__PROVIDED DATA__
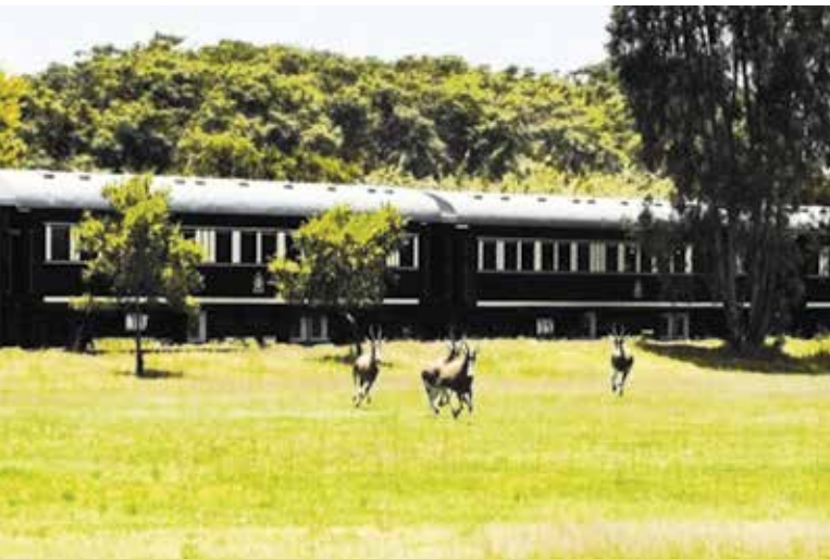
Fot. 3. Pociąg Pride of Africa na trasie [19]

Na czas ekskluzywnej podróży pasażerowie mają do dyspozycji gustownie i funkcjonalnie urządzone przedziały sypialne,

---

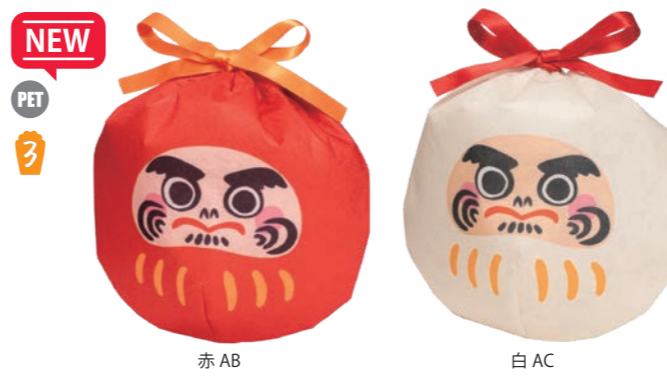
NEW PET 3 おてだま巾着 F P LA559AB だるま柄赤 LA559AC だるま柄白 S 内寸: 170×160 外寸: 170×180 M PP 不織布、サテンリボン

__EXERCISE DIRECTIONS__
Retype only the lines above between the line with "Fot. 3. Pociąg Pride of Africa na trasie [19]" and the line with "Na czas ekskluzywnej", counting those two lines as well, and keep every character as it is.

__RESPONSE TO THE EXERCISE__
Fot. 3. Pociąg Pride of Africa na trasie [19]

Na czas ekskluzywnej podróży pasażerowie mają do dyspozycji gustownie i funkcjonalnie urządzone przedziały sypialne,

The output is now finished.